Many previous works have been focused on the research of detecting malicious web texts, such as spam emails [1-4]. Among them, Xie et. al. [4] and Thomas [2] use the feature of URL to distinguish spam messages from legitimate ones. Using personal social networks, Li et al. [3] adopts spam keywords to enhance a Bayesian filter. In addition, Gao et. al. [1] uses a complex of features, such as the cluster size, the sender’s social degree, interaction history, average time interval, average URL number per message, etc., to detect spams on the online social networks (e.g., Facebook). This paper innovates by proposing to use syntactic and grammatical features of web texts which have been rarely paid attention to by earlier researches.

In the following of this paper, Section II presents the system model for web text classification. Section III presents our algorithm used for profiling web texts and comparing web texts, which is also the core of the classification system. Section IV concludes the paper.

II. SYSTEM MODEL The purpose of this paper is to design a web text

classification system which can automatically classify interesting web texts into pre-defined categories, e.g. malicious web texts and normal texts. The core of the system is a web text profiling algorithm which uses decision tree to profile selected web texts based on syntactic and grammatical analyses. The details of the algorithm are elaborated in Section III. The system works by comparing the similarities between an unknown profile and a pre-learned profile. If the unknown profile is similar to the pre-learned profile, then the web texts described by the unknown profile share the same category as the web texts described by the pre-learned profile.

There are three steps in order to have the system to work. The details are shown in Figure 1. The first step is to learn the profiles for labeled web texts (presumably labeled by humans) which belong to a particular pre-defined category. By doing this, each category of web texts has a standard profile. This step is called the training phase. The second step is to learn the profiles for unlabeled interesting web texts in the same way as it is in the training phase. The profiled web texts in this step are those waiting to be classified (e.g. an incoming email which is not labeled in other means). This step is called the processing phase or the detection phase if the purpose is to detect malicious texts or spam emails. The last step is to compare the profile learned for unlabeled texts with those pre-learned profiles learned for labeled texts. If the profiles are similar, then the unlabeled texts are considered to belong to the same category as those used for the pre-learned profile.

Figure 1: System Model

III. PROFILING WEB TEXTS USING DECISION TREES

Decision tree is a machine learning and data mining technology which is used to assist in decision making or in profiling sequences of operation.

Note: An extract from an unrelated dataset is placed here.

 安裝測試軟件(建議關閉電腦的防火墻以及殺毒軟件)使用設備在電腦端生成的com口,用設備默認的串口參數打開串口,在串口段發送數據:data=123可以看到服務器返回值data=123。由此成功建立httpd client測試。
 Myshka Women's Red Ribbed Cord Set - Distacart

It builds a tree-like graph based on the features of training items and later can be used to classify different groups of items (i.e. a decision) or to predict a missing feature of an item given other features. In linguistics, a message consists of different types of words and these words appear in sequences according to grammar rules. We can thus model and classify different categories of messages using decision trees. In the following of this section, the decision tree technique is utilized in a slightly different way from its traditional use. Instead of making decisions, a decision tree is used to build message pattern profiles for different categories of web texts.

A. Building Decision Trees Based on Syntactic Decomposition Tagging word classes and modeling the syntactic rules are

two important tasks in the field of computational linguistics which deals with the processing and computation of natural languages. Assume that a computer has acquired different word classes and syntactic rules of a certain language (e.g. English) after training by linguists and computer scientists. A sentence is thus able to be described as a sequence of word types. Take the following sentence which is from a spam message as an example:

Your bank information is not valid.

The phrase structure of this sentence is shown in Figure 2.

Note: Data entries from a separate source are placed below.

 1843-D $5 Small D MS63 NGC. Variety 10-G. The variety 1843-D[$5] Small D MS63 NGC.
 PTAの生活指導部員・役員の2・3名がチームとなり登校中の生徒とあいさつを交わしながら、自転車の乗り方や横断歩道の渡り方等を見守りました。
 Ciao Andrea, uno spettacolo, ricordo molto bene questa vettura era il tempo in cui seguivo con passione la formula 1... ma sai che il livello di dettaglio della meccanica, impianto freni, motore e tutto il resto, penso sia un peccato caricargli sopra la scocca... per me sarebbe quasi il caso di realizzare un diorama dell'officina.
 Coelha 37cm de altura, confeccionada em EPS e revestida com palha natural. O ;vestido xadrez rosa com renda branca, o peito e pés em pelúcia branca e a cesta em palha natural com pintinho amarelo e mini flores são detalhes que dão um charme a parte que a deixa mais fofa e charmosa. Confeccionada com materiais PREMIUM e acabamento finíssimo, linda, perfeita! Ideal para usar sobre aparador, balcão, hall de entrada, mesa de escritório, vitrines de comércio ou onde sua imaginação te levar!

Figure 2: Syntactic decomposition of a spam message

If we only consider the syntactic categories of the words forming this sentence, then the message can be abstracted as:

Det (determiner) - N (noun) - N (noun) - V (verb) - Adv (adverb) - Adj (adjective) The purpose is to learn whether the appearance of this abstracted pattern is normal or it represents a malicious message, i.e. a spam in this case. In order to learn all patterns of malicious (or normal) messages and their probability of appearance, we can train a decision tree using labeled training data.

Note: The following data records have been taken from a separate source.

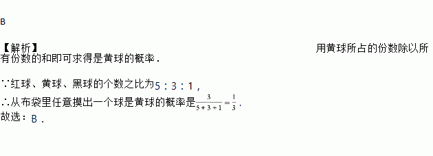 一个布袋里放有红色、黄色、黑色三种球,它们除颜色外其余都相同,红球、黄球、黑球的个数之比为5:3:1,则从布袋里任意摸出一个球是黄球的概率是( )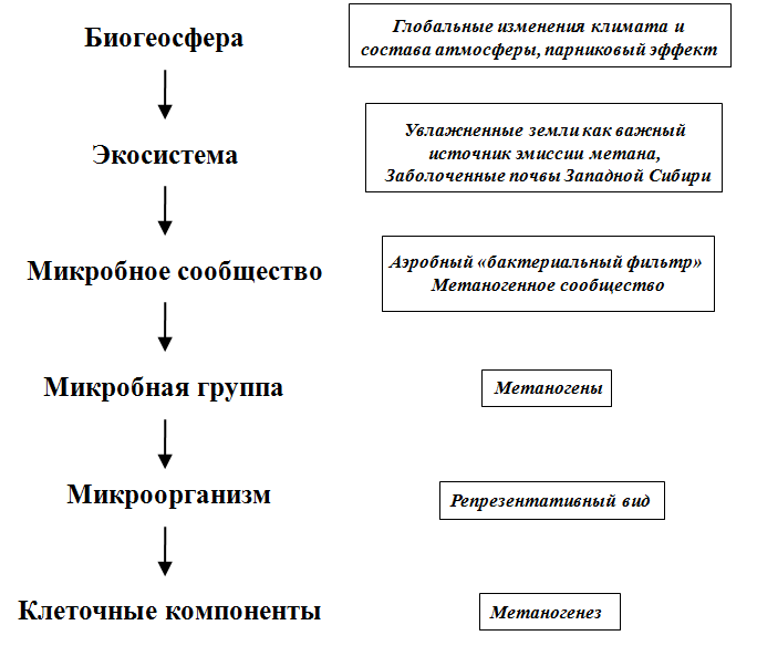 One of the challenging issues of global ecology at present is the problem of climate change caused by the emission of greenhouse gases into the atmosphere. Vast areas of West Siberian wetland ecosystems are the powerful sources of these gases. The application of a system approach to the study of this issue enables defining the appropriate hierarchy of interacting systems and their elements that play a key role in the biological processes under study (Fig. 1) and analyzing them by the use of a proper methodology.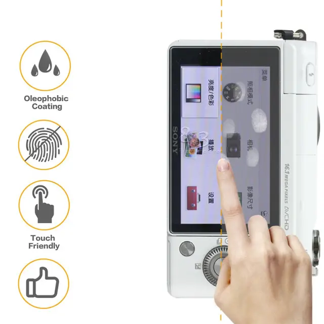 Odporen na praske in razbitje: ta zaščita zaslona, izdelana iz kaljenega stekla z visoko vsebnostjo aluminija, se ponaša z izjemno trdoto in učinkovito ščiti zaslon fotoaparata pred praskami, odrgninami in udarci ključev, kovancev in drugih ostrih predmetov.

Suppose that a sentence has a maximum of N words. We can have an example training set of messages as it is in Table 1.

Table 1: An example training set of malicious/normal sentences with syntactic features

No. 1st Word

2nd Word

3rd Word

… Nth Word

Label

1 N V Adv … N/A Normal 2 N V V … N/A Malicious 3 V V Adv … Adv Malicious 4 Det N N … Adj Malicious 5 Det N V … N/A Normal 6 N V Adv … N/A Malicious 7 Det N V … N/A Malicious 8 N V Adv … N/A Normal

In Table 1, each word can be one of the word types: {N (noun), V (verb), Adj (adjective), P (preposition), Adv (adverb), Det (determiner), Deg (degree word), Qual (qualifier), Aux (auxiliary), Con (conjunction), N/A (not available)}. A kth word is assigned the value N/A if there is no kth word in a sentence. In addition, a message can be labeled either as a “malicious” message or as a “normal” message.

When it comes to the identification of a malicious message, we may say that a message is malicious because it exhibits a pattern (e.g. in the form of the items in Table 1) which has been observed in other malicious messages (e.g. in the training set provided by Table 1). But this kind of malicious message identification is very inaccurate because a pattern observed in malicious messages may also be observed in normal messages. For example, item 5 and item 7 in Table 1 have the same set of attribute values but they have been separately observed as malicious as well as normal. We thus need a more advanced technique which could describe the difference between malicious messages and normal messages from a holistic point of view.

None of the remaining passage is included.